Description of the task →
Only the lines from the start of the entries through the line with "Tanto nas conversas" should be returned, each exactly as it stands, and no pictures.

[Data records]
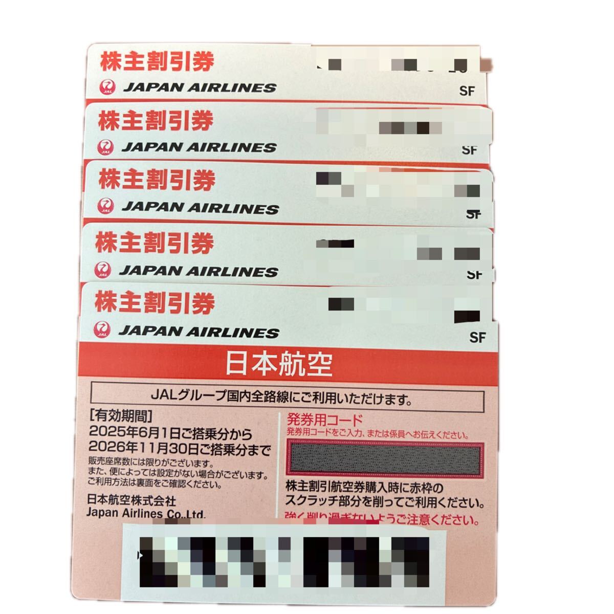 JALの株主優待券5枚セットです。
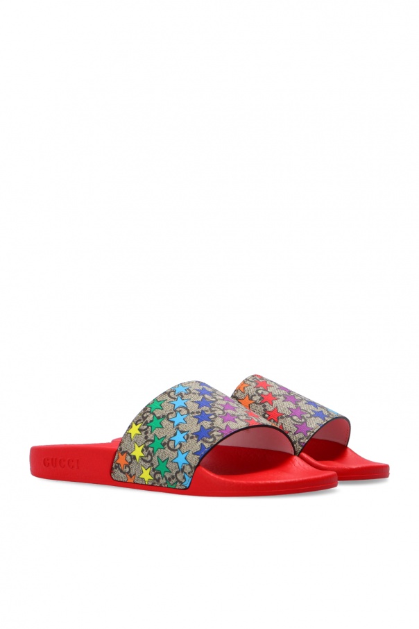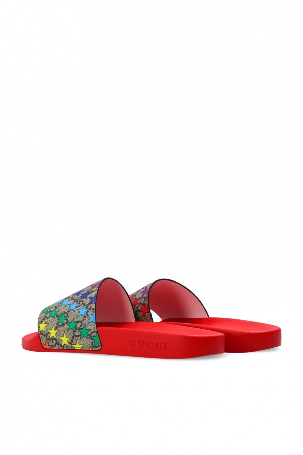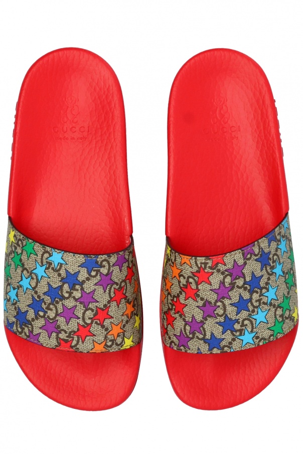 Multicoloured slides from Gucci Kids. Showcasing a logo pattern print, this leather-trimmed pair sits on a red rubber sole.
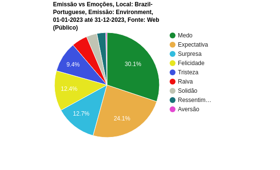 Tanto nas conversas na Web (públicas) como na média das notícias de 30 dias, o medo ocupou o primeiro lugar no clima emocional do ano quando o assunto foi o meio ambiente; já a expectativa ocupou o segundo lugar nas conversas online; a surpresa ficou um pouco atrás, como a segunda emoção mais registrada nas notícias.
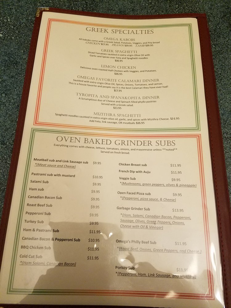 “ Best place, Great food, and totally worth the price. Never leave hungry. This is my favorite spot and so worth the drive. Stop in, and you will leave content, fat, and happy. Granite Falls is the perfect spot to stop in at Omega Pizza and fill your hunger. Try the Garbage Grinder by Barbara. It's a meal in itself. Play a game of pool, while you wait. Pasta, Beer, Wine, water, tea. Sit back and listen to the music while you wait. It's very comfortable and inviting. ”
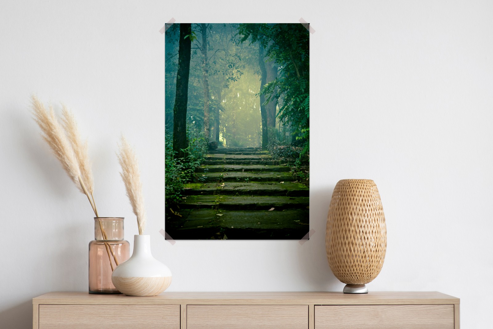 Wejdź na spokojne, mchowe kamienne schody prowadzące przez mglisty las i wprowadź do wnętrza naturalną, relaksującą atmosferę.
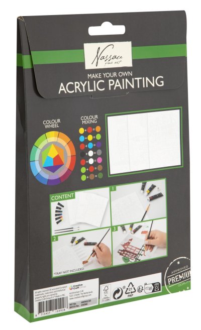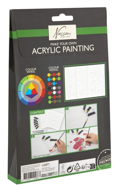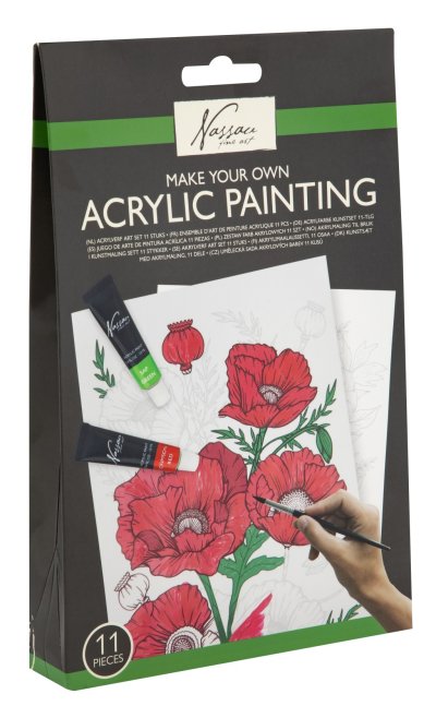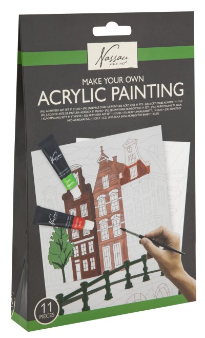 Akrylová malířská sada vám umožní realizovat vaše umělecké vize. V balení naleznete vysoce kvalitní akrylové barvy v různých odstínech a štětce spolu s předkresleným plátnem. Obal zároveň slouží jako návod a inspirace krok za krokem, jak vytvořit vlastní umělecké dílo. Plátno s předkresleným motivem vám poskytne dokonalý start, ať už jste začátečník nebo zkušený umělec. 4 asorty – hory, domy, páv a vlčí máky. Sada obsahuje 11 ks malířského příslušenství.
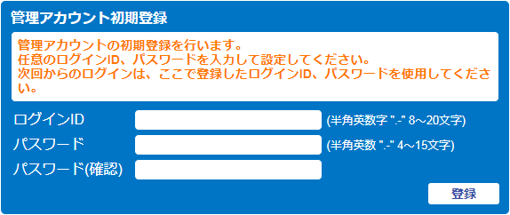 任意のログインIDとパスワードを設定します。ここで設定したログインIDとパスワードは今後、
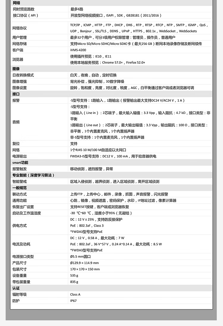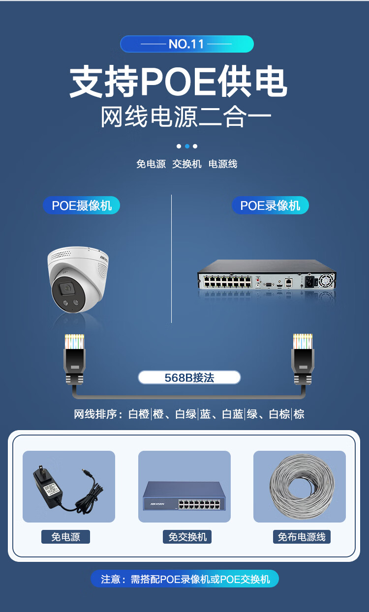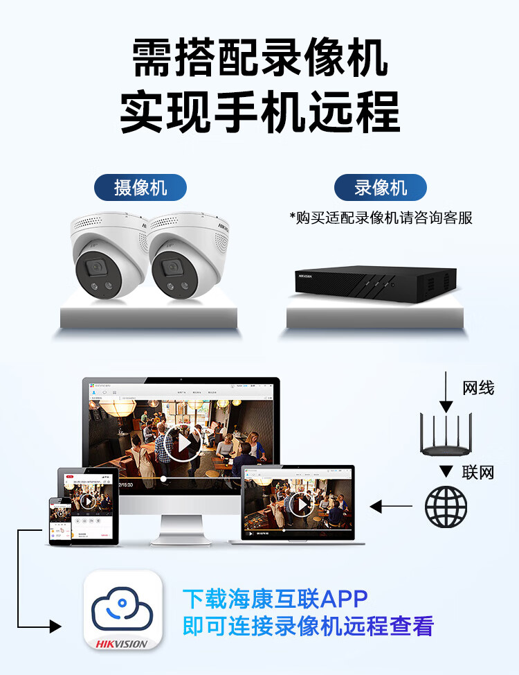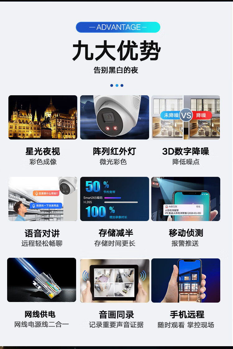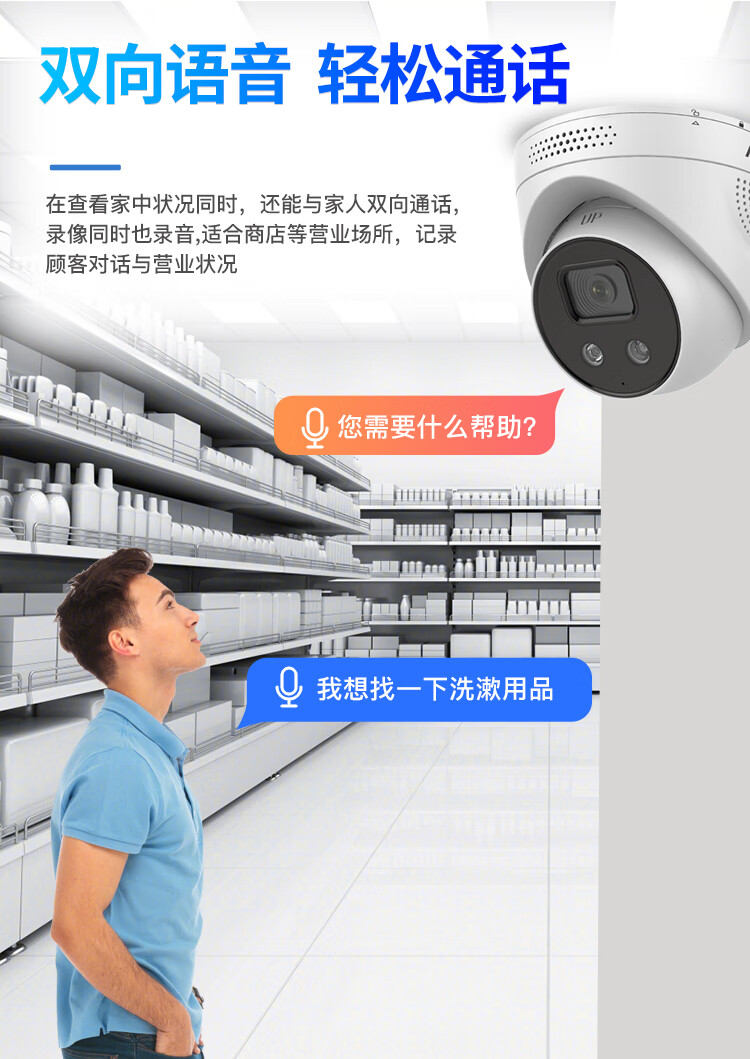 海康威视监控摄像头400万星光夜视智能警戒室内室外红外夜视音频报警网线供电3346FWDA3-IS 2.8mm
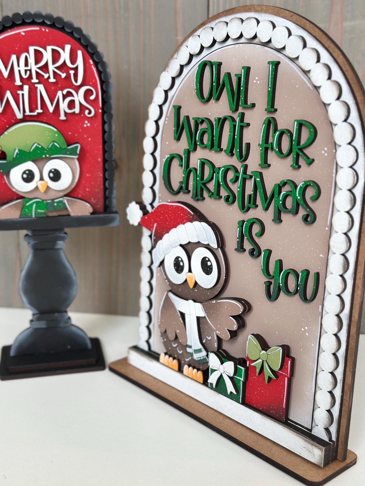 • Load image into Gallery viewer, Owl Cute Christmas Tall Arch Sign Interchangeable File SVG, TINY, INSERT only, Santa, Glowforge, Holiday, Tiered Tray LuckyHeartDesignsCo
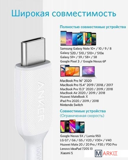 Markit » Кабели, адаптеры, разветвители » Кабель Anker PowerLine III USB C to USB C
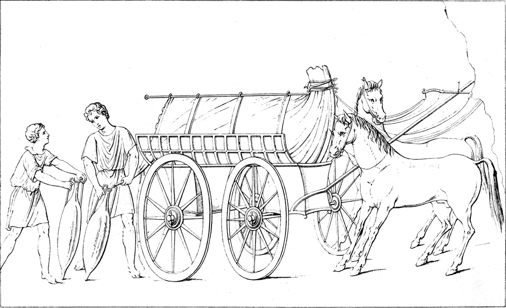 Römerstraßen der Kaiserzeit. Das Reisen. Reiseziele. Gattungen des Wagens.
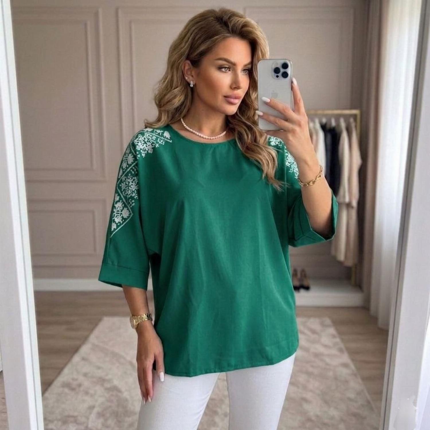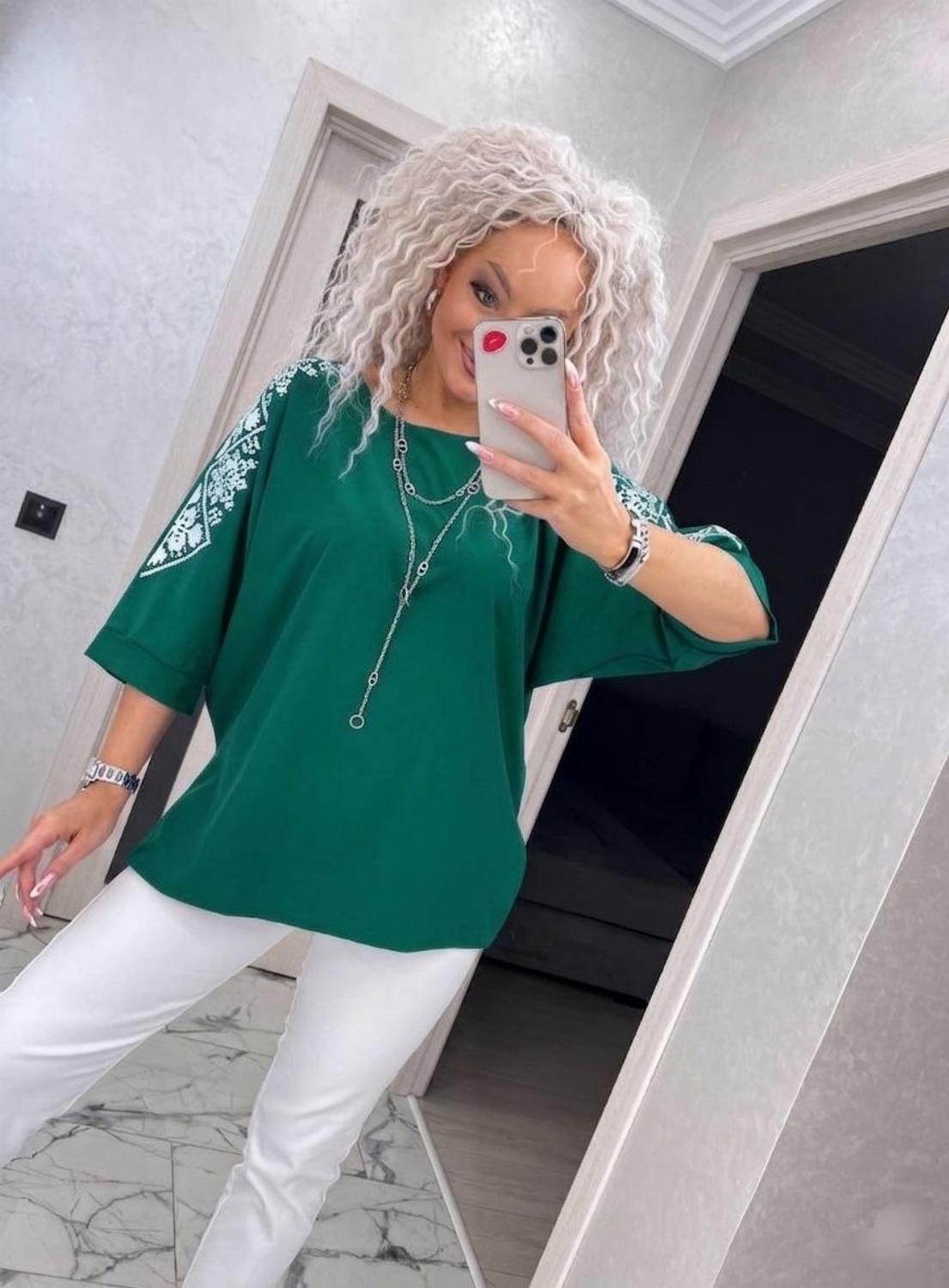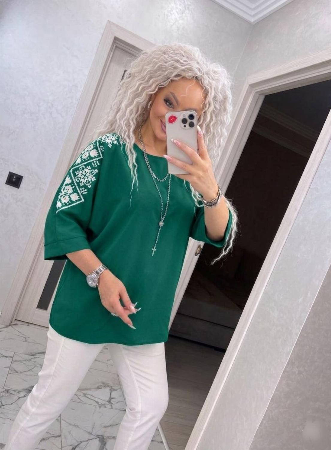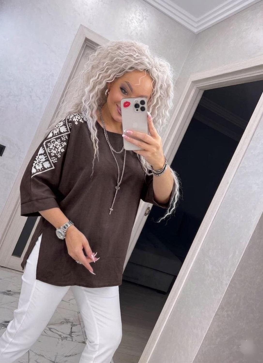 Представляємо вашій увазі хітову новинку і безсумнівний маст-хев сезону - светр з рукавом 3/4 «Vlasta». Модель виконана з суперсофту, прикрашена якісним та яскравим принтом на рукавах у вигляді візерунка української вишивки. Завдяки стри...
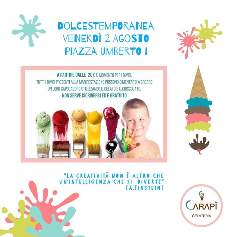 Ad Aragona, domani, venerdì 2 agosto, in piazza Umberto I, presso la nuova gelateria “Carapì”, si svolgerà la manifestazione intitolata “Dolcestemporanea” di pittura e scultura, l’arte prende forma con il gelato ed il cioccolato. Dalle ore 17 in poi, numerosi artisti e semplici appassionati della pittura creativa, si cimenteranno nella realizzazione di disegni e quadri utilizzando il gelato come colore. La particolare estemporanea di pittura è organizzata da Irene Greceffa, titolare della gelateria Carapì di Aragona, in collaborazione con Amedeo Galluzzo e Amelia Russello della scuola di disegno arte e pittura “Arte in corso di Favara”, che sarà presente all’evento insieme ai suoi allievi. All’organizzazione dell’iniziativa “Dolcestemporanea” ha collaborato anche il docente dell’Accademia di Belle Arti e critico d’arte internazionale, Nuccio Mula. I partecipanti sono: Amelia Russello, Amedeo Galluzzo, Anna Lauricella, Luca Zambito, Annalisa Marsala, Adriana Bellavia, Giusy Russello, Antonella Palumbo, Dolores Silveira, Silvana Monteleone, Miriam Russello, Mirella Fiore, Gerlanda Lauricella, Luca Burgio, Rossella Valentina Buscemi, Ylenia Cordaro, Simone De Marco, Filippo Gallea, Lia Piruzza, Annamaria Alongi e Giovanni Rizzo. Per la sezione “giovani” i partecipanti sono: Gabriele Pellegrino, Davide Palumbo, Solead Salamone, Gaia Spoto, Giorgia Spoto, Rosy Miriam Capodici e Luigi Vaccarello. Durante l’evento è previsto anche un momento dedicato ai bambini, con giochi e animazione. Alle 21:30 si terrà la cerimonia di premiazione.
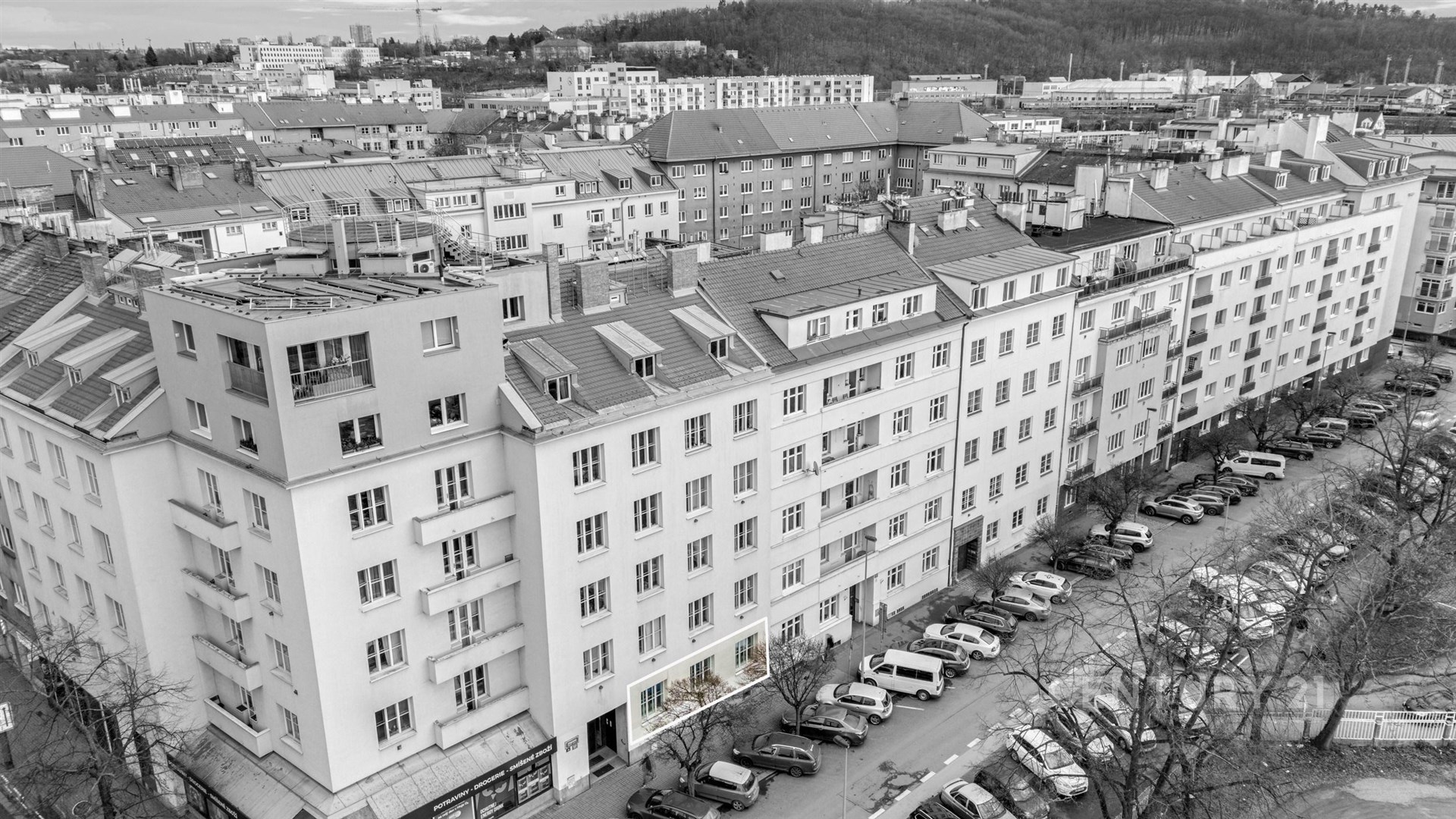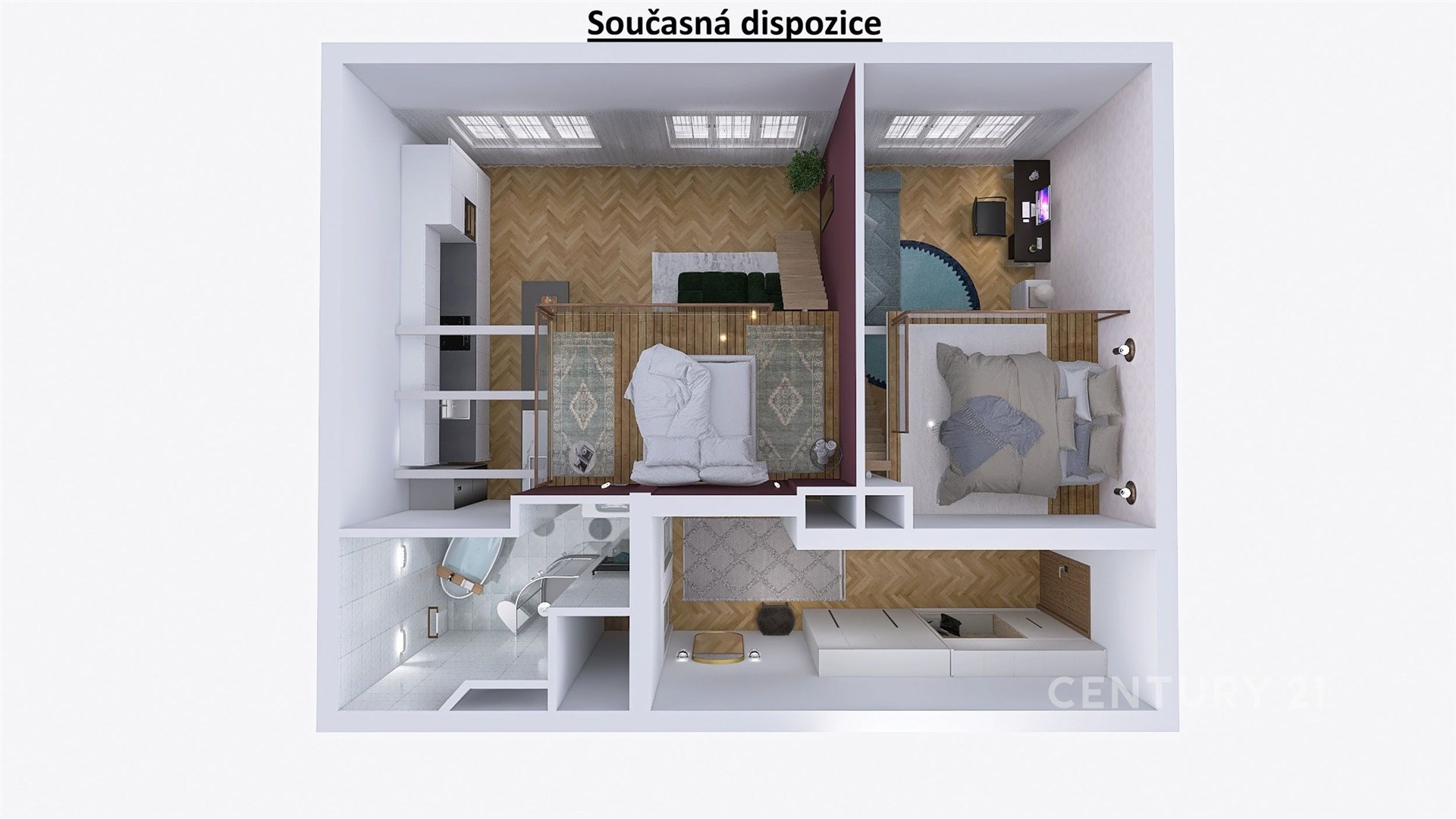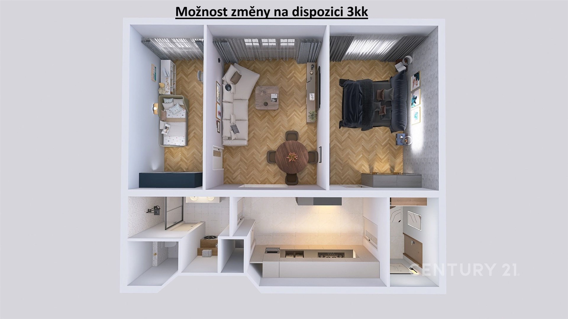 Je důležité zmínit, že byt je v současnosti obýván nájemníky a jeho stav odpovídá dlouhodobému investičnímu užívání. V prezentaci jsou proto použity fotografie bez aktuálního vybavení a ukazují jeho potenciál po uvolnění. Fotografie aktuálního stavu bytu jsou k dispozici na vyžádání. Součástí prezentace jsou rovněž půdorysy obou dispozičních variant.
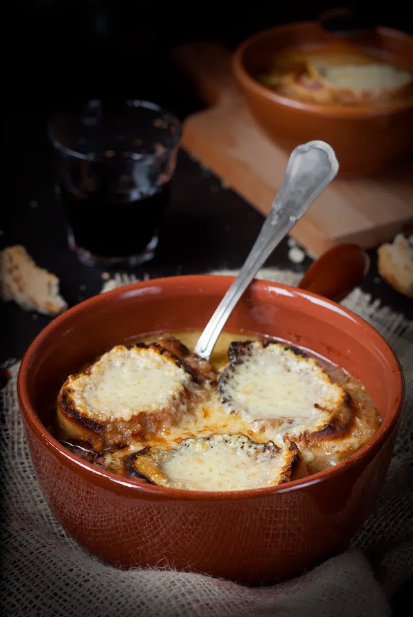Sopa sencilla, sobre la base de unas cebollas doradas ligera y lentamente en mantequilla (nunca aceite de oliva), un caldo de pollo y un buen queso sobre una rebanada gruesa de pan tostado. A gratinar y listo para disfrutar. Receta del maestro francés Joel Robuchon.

Solved problem →
 JALの株主優待券5枚セットです。
 Multicoloured slides from Gucci Kids. Showcasing a logo pattern print, this leather-trimmed pair sits on a red rubber sole.
 Tanto nas conversas na Web (públicas) como na média das notícias de 30 dias, o medo ocupou o primeiro lugar no clima emocional do ano quando o assunto foi o meio ambiente; já a expectativa ocupou o segundo lugar nas conversas online; a surpresa ficou um pouco atrás, como a segunda emoção mais registrada nas notícias.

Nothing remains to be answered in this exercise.